Exercise aim: The listing is to be repeated exactly, and its pictures are to be left out.

━━━━━ Dataset extract ━━━━━

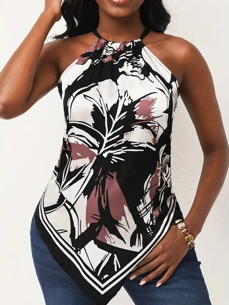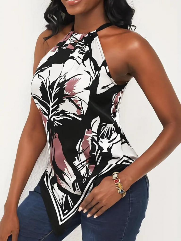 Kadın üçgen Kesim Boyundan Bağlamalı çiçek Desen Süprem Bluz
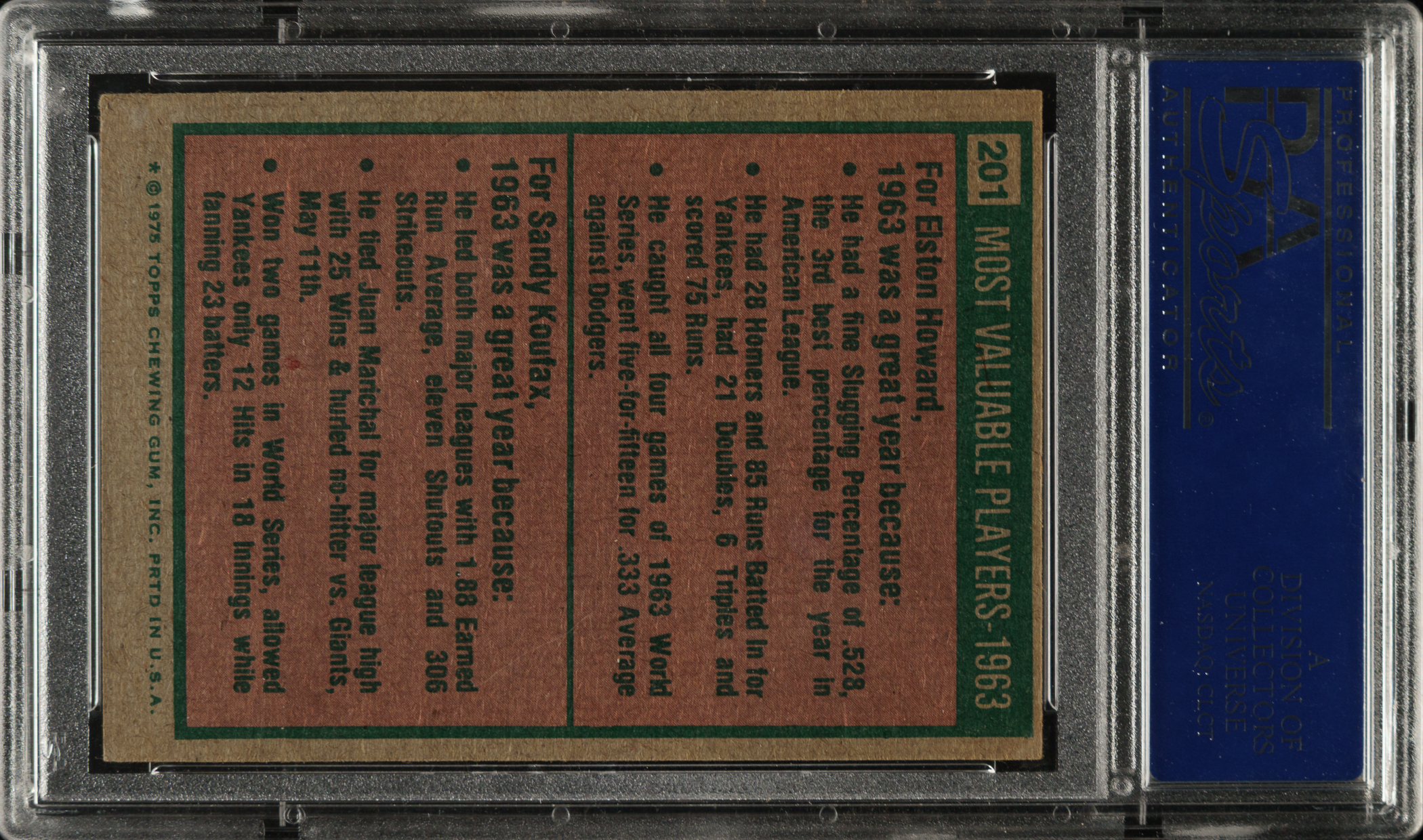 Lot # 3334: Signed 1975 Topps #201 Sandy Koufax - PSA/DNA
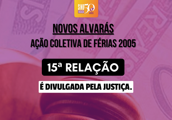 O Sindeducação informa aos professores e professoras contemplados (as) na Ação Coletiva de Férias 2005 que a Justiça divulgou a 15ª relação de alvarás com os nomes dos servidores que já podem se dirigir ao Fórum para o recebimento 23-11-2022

━━━━━

Problem solution:
 Kadın üçgen Kesim Boyundan Bağlamalı çiçek Desen Süprem Bluz
 Lot # 3334: Signed 1975 Topps #201 Sandy Koufax - PSA/DNA
 O Sindeducação informa aos professores e professoras contemplados (as) na Ação Coletiva de Férias 2005 que a Justiça divulgou a 15ª relação de alvarás com os nomes dos servidores que já podem se dirigir ao Fórum para o recebimento 23-11-2022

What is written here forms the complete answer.